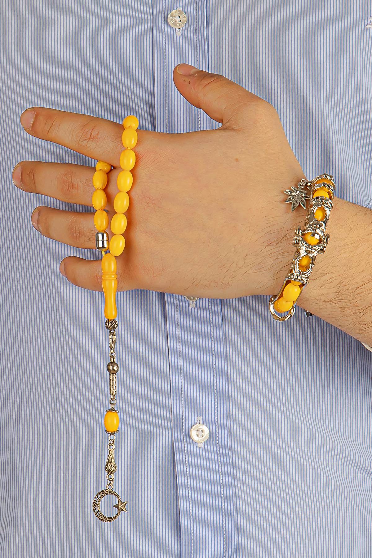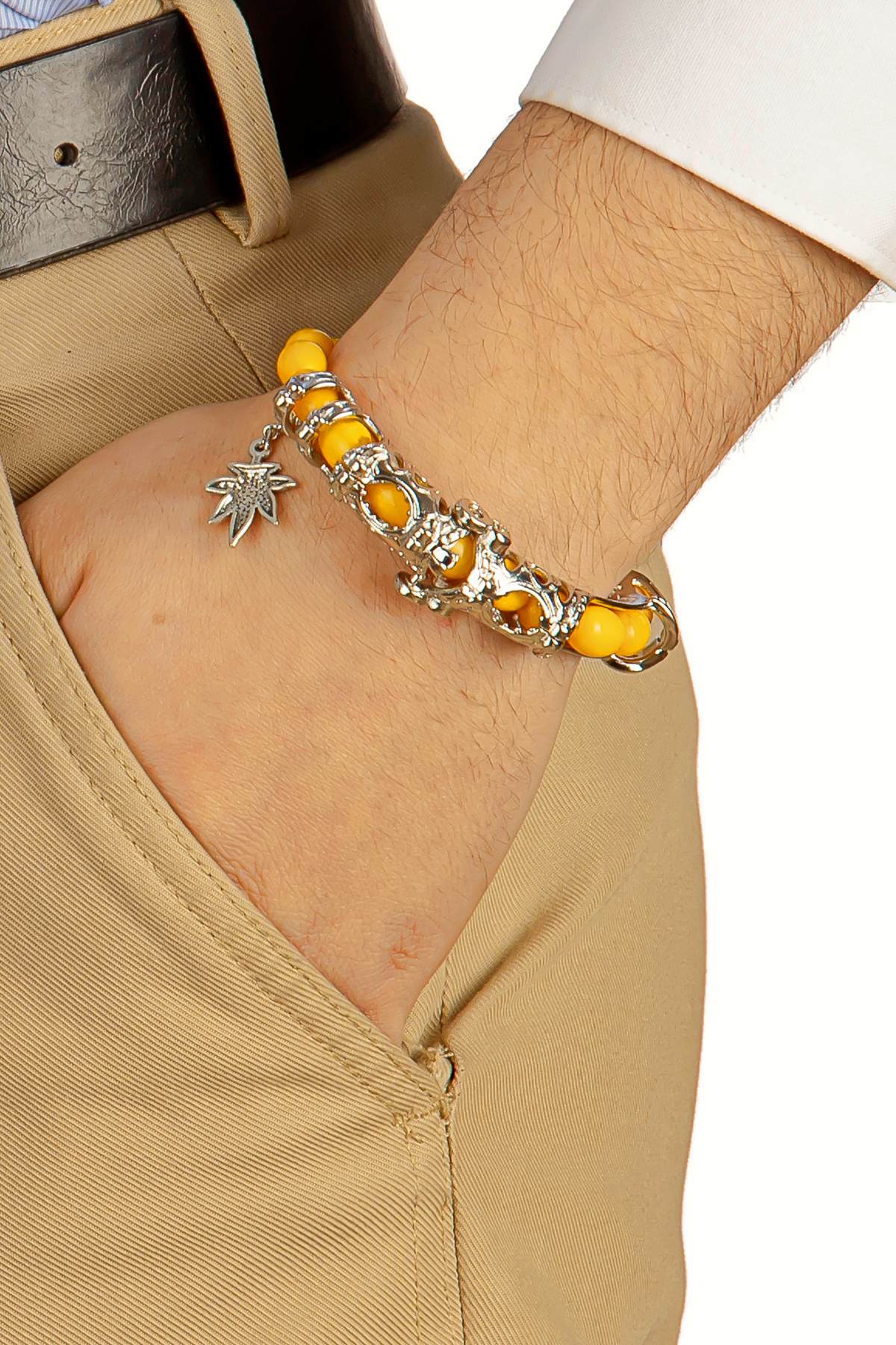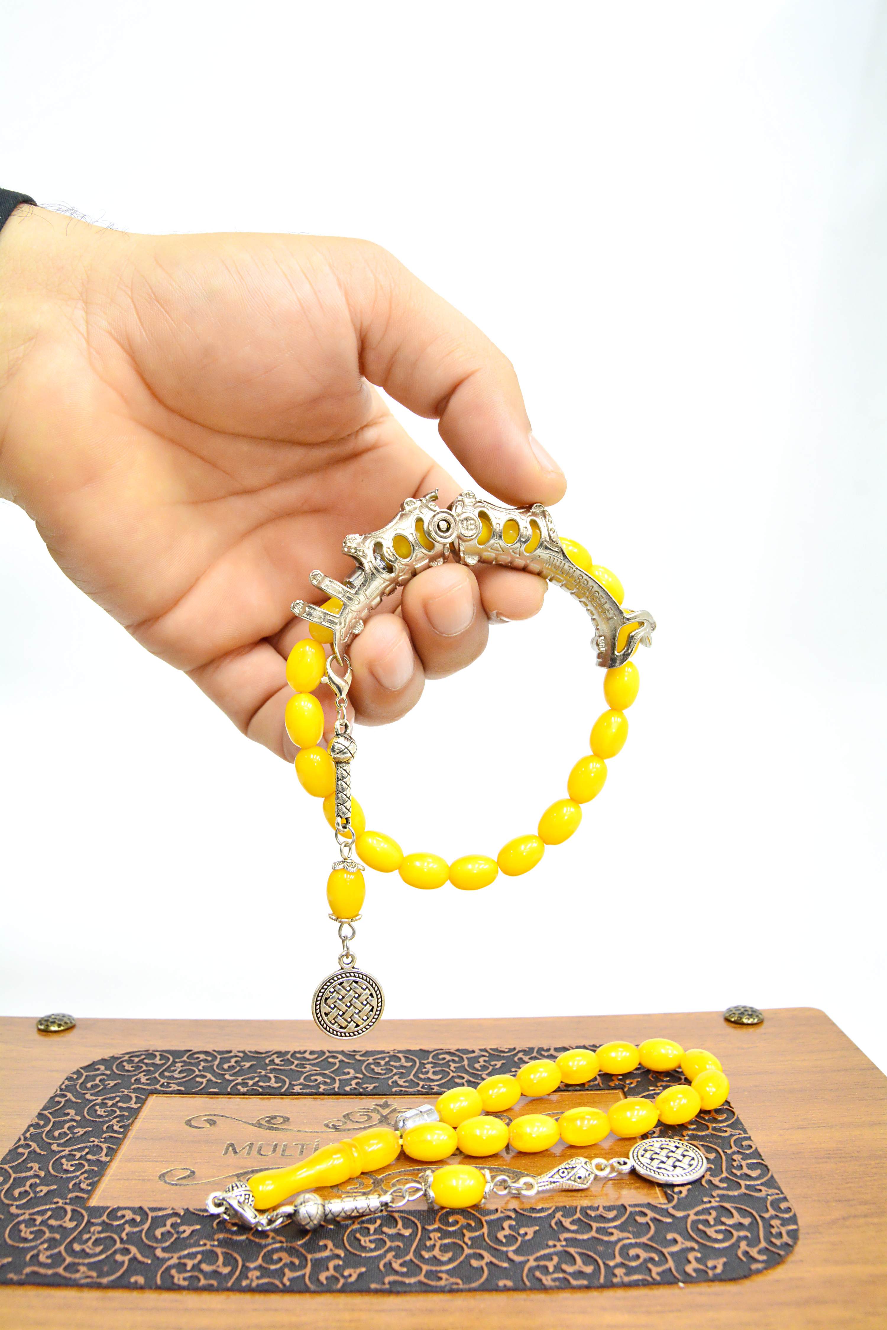 Limon Sarısı Toz Kehribar Multi Tespih, özel kararmaz flex aparat ve ultra güçlü mıknatıs sistemi sayesinde 2 farklı bileklik ve 2 farklı tespih formuna dönüşebilen çok fonksiyonlu ve yenilikçi bir tasarımdır.
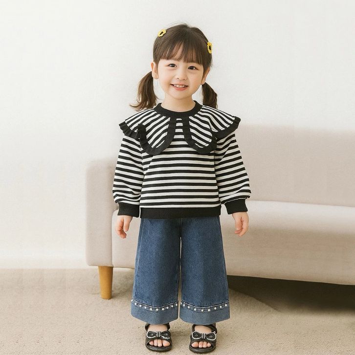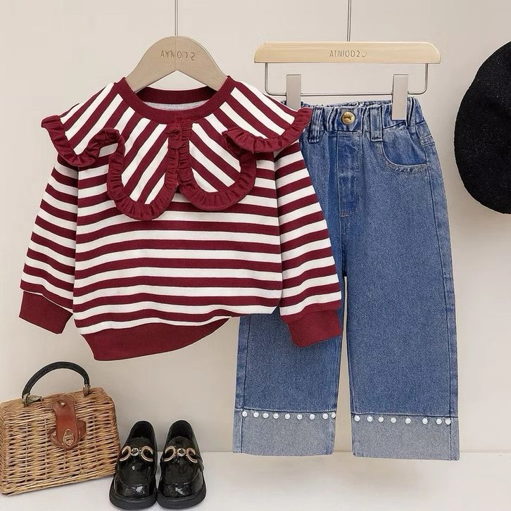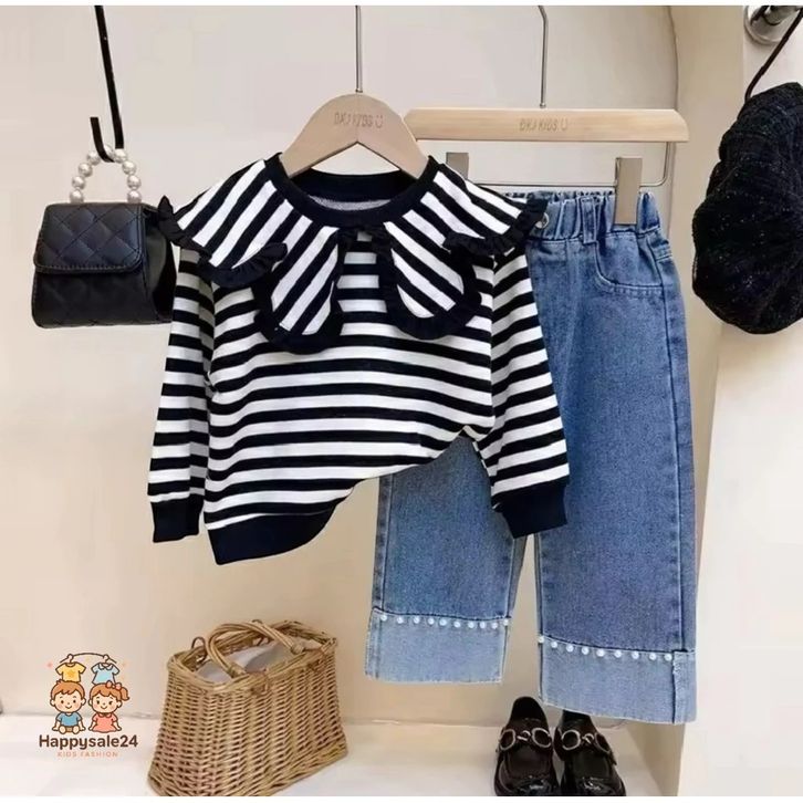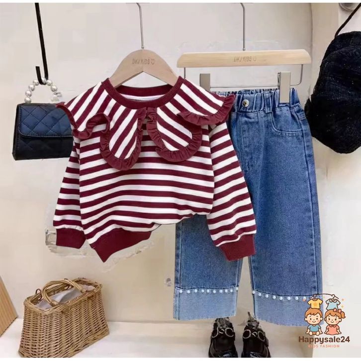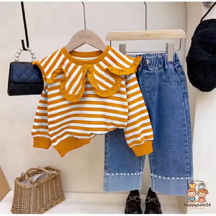 Setelan Celana Jeans Atasan Ruffle Salur Cantik Fashion Korean Style Kekinian Setelan Anak Perempuan 1-5 Tahun
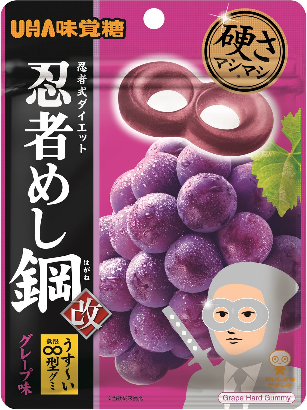 シリーズとして忍者めしのハードな食感はそのままにグミの形が「∞」型の「忍者めし鋼」も発売中。そのまま噛んだり、折りたたんで噛んだり、無限大の噛み方をお楽しみいただけます。
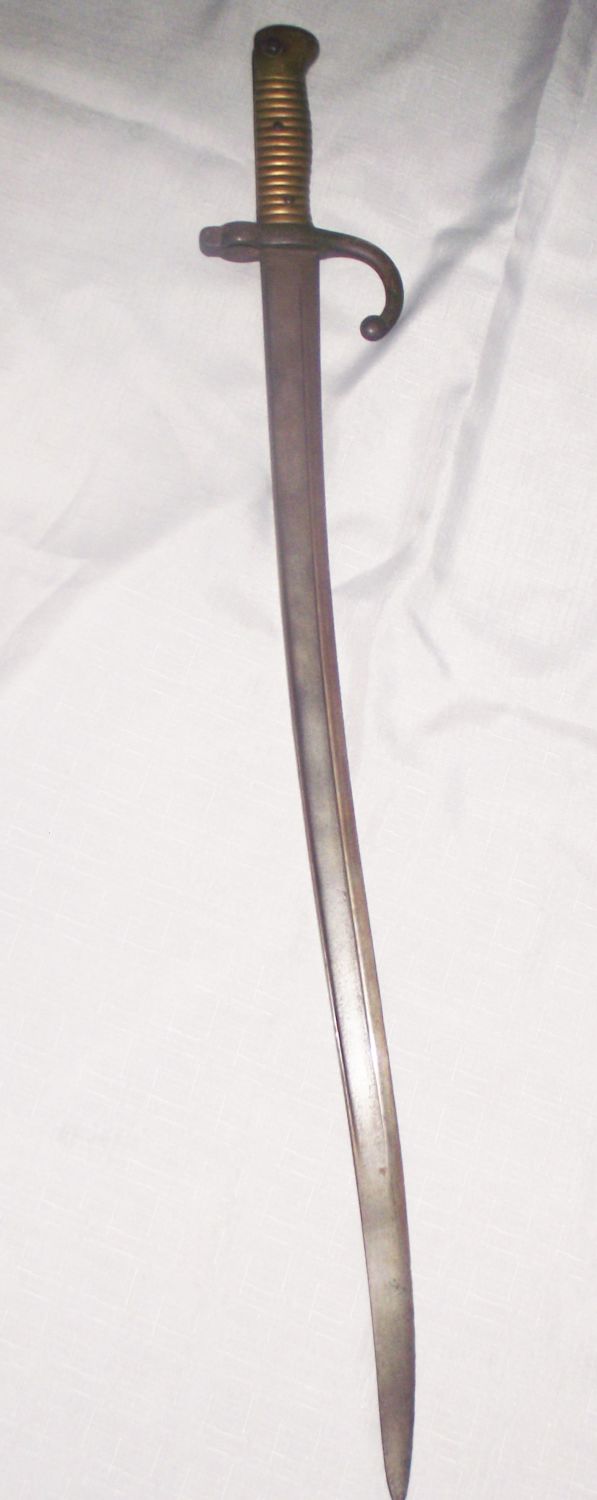 French Model 1866 “Chassepot”Yataghan Sword Bayonet FH 39030 marked on guard, blade 57cm overall length 27”
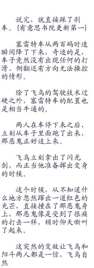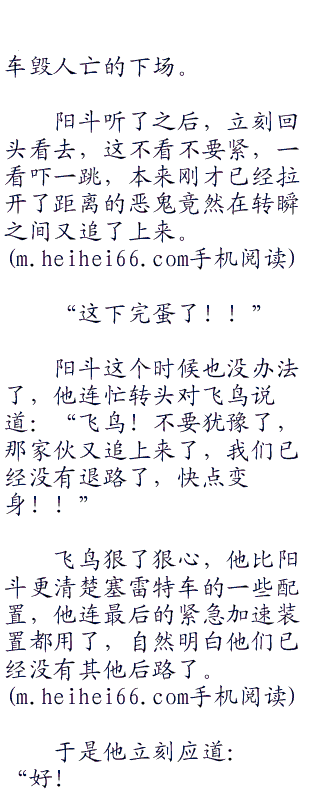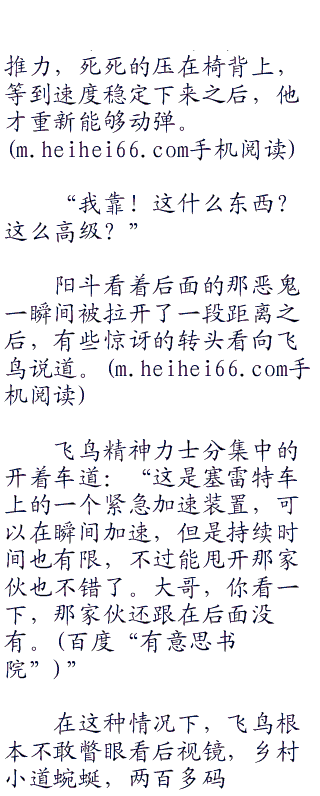 那恶鬼追击的速度非常快,飞鸟不得不加大的马力,同时,因为农村的道路有些狭窄,导致塞雷特车不得不为了避让一些东西,而东倒西歪的。.首发
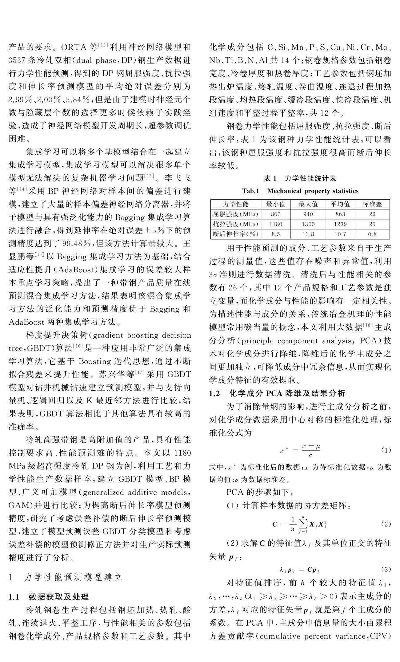 基于1180 MPa级超高强度冷轧双相(DP)钢卷生产数据,研究了基于主成分分析的化学主成分提取方法、网格搜索和交叉验证相结合的超参数寻优方法,建立了DP钢力学性能梯度提升决策树(GBDT)预测模型,并将预测结果与BP神经网络模型和广义可加模型的预测结果进行了比较。为了提高断后伸长率预测精度,以预测精度较高的GBDT预测模型为基础,通过模型预测误差分类模型和考虑误差补偿的模型预测修正方法,建立了考虑误差补偿的断后伸长率预测校正模型,该模型使断后伸长率在绝对误差±0.9%下的预测准确率达到了94.63%。(剩余10477字)
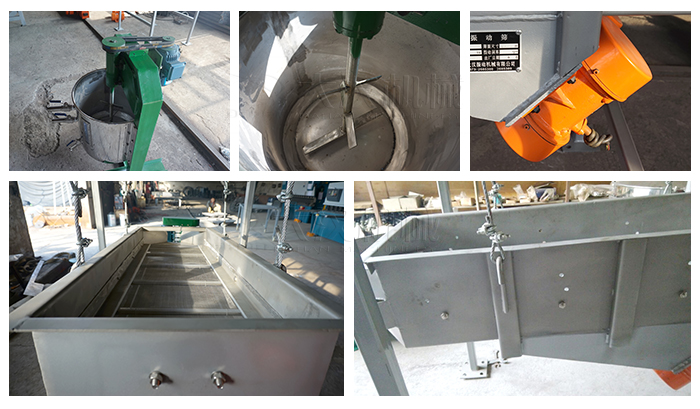 整個設備由篩箱、網架、篩網、2臺臥式振動篩電機、減震彈簧、進出料口、上蓋組成,除此之外還有高度可按需求定制的支架通過四個吊鉤把整個設備吊掛起來使其處于懸空狀態。

★ ★ ★ ★ ★ ★ ★

§ EXERCISE GOAL
When printing the entries, leave out the images and keep everything else exact.

§ RESPONSE AREA
 Limon Sarısı Toz Kehribar Multi Tespih, özel kararmaz flex aparat ve ultra güçlü mıknatıs sistemi sayesinde 2 farklı bileklik ve 2 farklı tespih formuna dönüşebilen çok fonksiyonlu ve yenilikçi bir tasarımdır.
 Setelan Celana Jeans Atasan Ruffle Salur Cantik Fashion Korean Style Kekinian Setelan Anak Perempuan 1-5 Tahun
 シリーズとして忍者めしのハードな食感はそのままにグミの形が「∞」型の「忍者めし鋼」も発売中。そのまま噛んだり、折りたたんで噛んだり、無限大の噛み方をお楽しみいただけます。
 French Model 1866 “Chassepot”Yataghan Sword Bayonet FH 39030 marked on guard, blade 57cm overall length 27”
 那恶鬼追击的速度非常快,飞鸟不得不加大的马力,同时,因为农村的道路有些狭窄,导致塞雷特车不得不为了避让一些东西,而东倒西歪的。.首发
 基于1180 MPa级超高强度冷轧双相(DP)钢卷生产数据,研究了基于主成分分析的化学主成分提取方法、网格搜索和交叉验证相结合的超参数寻优方法,建立了DP钢力学性能梯度提升决策树(GBDT)预测模型,并将预测结果与BP神经网络模型和广义可加模型的预测结果进行了比较。为了提高断后伸长率预测精度,以预测精度较高的GBDT预测模型为基础,通过模型预测误差分类模型和考虑误差补偿的模型预测修正方法,建立了考虑误差补偿的断后伸长率预测校正模型,该模型使断后伸长率在绝对误差±0.9%下的预测准确率达到了94.63%。(剩余10477字)
 整個設備由篩箱、網架、篩網、2臺臥式振動篩電機、減震彈簧、進出料口、上蓋組成,除此之外還有高度可按需求定制的支架通過四個吊鉤把整個設備吊掛起來使其處于懸空狀態。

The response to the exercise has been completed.